Incident Management: Reporting Improves Performance
Reporting Ups Performance
Much is made of safety and health performance. The word ‘performance’ denotes the accomplishment of a given task or process as measured against predetermined factors such as speed, cost, accuracy, completeness, etc. Business today is flooded with drivers such as key performance indicators (KPIs), project performance, enterprise-wide performance, and so forth. The need and desire to measure and be measured is pervasive and deeply entrenched in business and across all industries. Bill Gates once said, ““In business, the idea of measuring what you are doing, picking the measurements that count like customer satisfaction and performance… you thrive on that”. How true. Even more apt for safety performance is this quote by UCLA basketball coach John Wooden: “Don’t mistake activity with achievement.”
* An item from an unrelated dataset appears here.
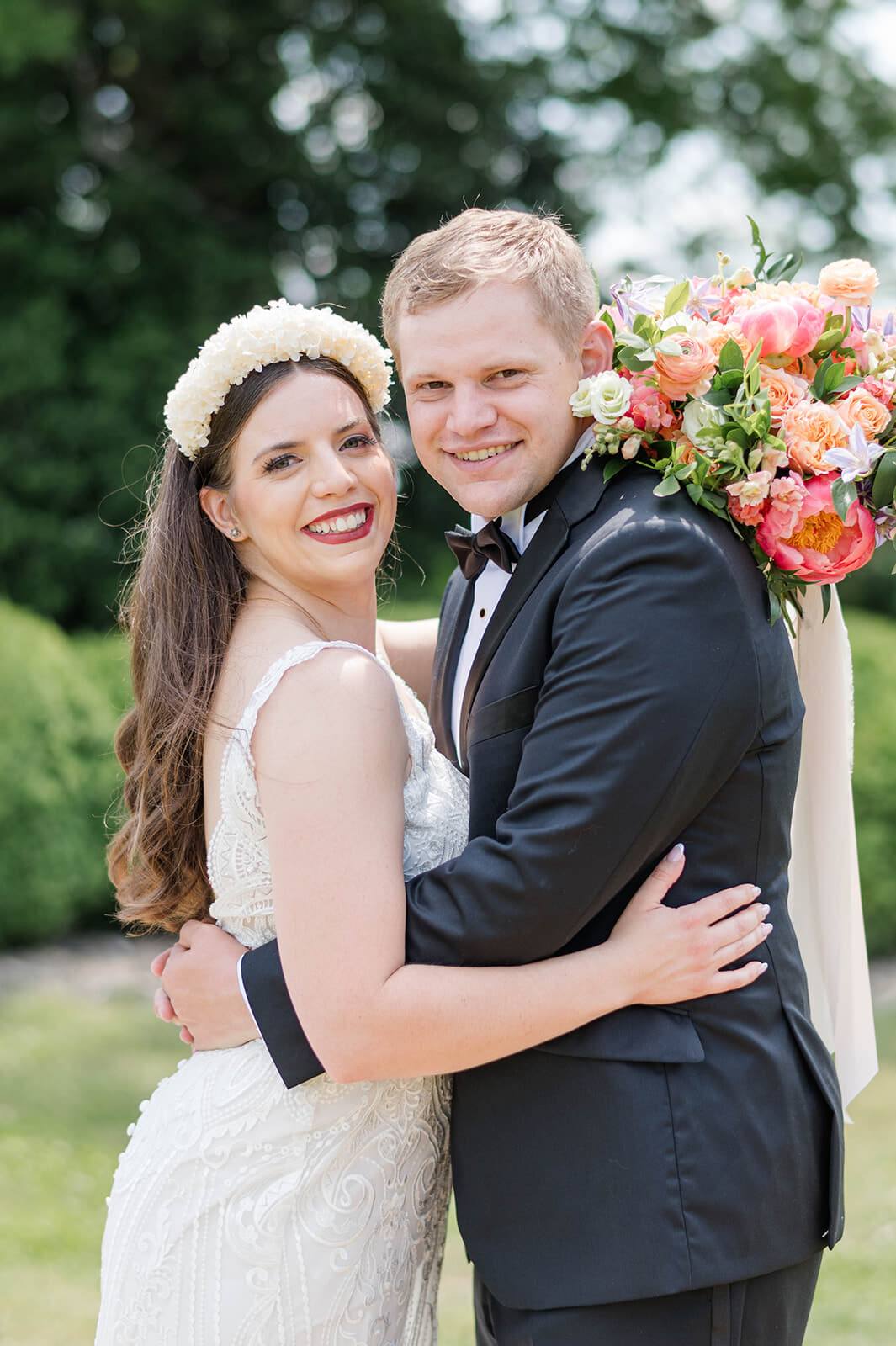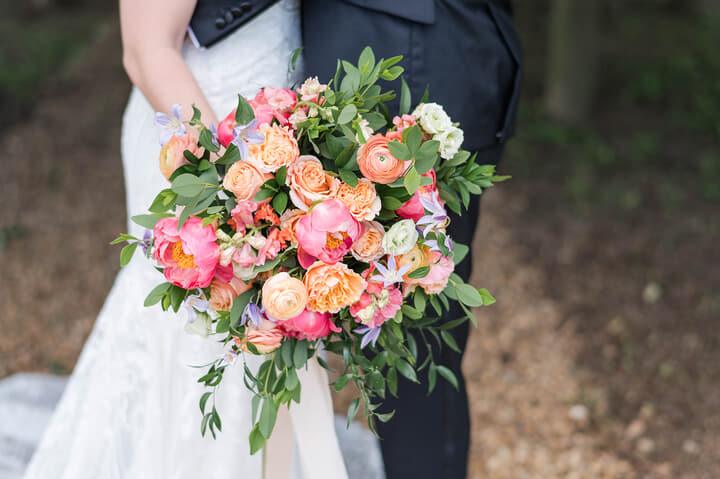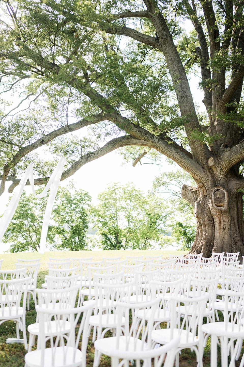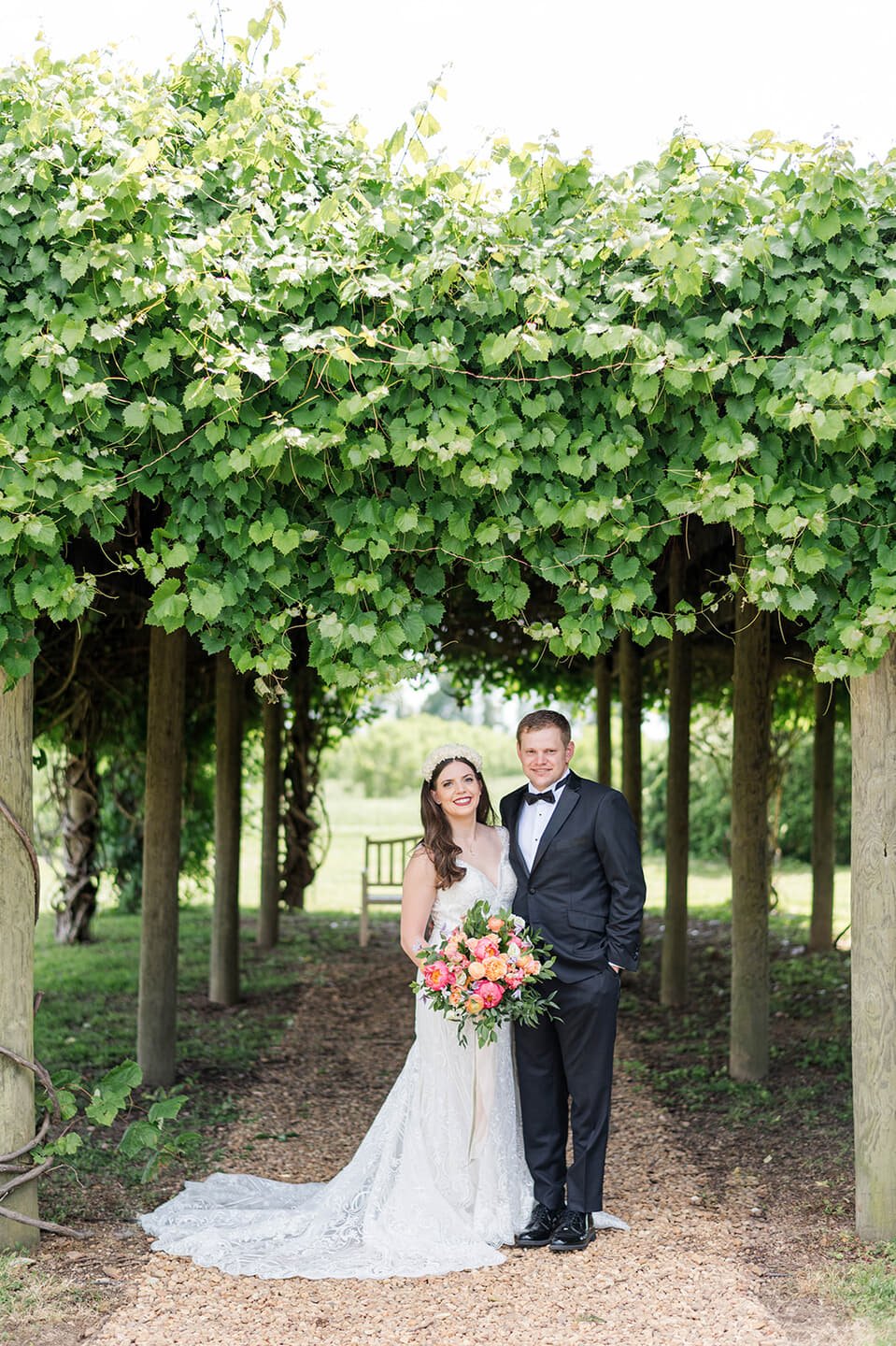 The day featured a joyful palette of coral, peach, and green, brought to life through floral artistry by Strawberry Fields. The bride’s bouquet overflowed with peonies, garden roses, ranunculus, and greenery, while the ceremony unfolded beneath a magnificent oak tree surrounded by white chairs—a scene of simple, natural elegance.

However, any safety professional knows that the measurement of safety performance can be very tricky. There are so many disparate and divergent factors that can play a role in the safety performance of an organisation. Invariably, an integral part of measuring the performance of any safety and health system is by monitoring incident statistics. These can be helpful in determining the safety performance of an organization. But to what extent does improved incident reporting result in improved safety performance? A UK consultancy reported how Thames Water, the water agency responsible for the water needs of the entire Thames Valley that includes London, it not only increased its risk and hazard reporting by over 500% in 2015 but consequently saw its incident rate drop by an impressive 50%. A 2002 Canadian study by Bernard Borg pinpointed the issue even more precisely – hone in on your near miss reporting, Borg contended, and your incident rate will drop dramatically. Borg claimed that both workers and management have ‘blind spots’ (many of them relating to biases by both with regard to safety) and that addressing these blind spots would open up what he calls the ‘window of opportunity’ with regard to improved incident rates.
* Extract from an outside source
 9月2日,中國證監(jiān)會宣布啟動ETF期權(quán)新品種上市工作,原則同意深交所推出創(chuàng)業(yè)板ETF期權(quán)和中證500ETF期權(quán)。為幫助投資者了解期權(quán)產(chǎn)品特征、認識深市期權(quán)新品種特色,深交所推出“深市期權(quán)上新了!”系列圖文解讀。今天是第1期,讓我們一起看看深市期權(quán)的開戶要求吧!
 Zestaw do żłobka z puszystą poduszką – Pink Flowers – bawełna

One way to determine the overall safety performance of an organisation is to do a critical assessment of the safety incident reporting system that is in place. Many different parameters can be taken into account when doing this assessment. For example, to what extent and how ingrained is the incident reporting system in the general workforce? Do workers know exactly what to do in the event of a safety incident or near miss, as well as health or environmental incidents? Are all divisions, line managers and workers on the same page with regard to the classification of incidents? Inconsistencies in this regard (for example, variations in what constitutes a reportable incident or near miss) can seriously undermine the efficacy of the incident reporting system. Also, is the system transparent and disseminated properly, as necessitated by a given incident? Fail to do this assessment objectively and thoroughly at your organisation’s peril. It is for these reasons that having a formal and auditable reporting system in place such as that offered by ConvergePoint’s software is so helpful.
Many organizations are content to use their incident reporting system principally as a means to track the physical number of incidents in a given period. Big mistake – that is too myopic an approach to incident reporting. Simply collating the number of major and minor incidents and near misses can become merely a numbers game as it does not tell the full story. As with a credible and meaningful incident investigation process, the process of analysing incident rates must be done holistically and, wherever possible, determining the root cause. So, for example, if minor safety incidents are up for the quarter then the first question is obviously, why so?
However, what many organizations fail to do is to ask the exact same question when incident rates are down. It’s not enough to conclude that the safety system ‘must be working’ and that is why incidents are down. Presumption is the enemy of safety. As with all achievement, resting on laurels (when incident rates are down) or being in a state of denial (when incident rates are up) are equally problematic. Meaningful safety performance demands that incident rates should be down – and for all the right reasons.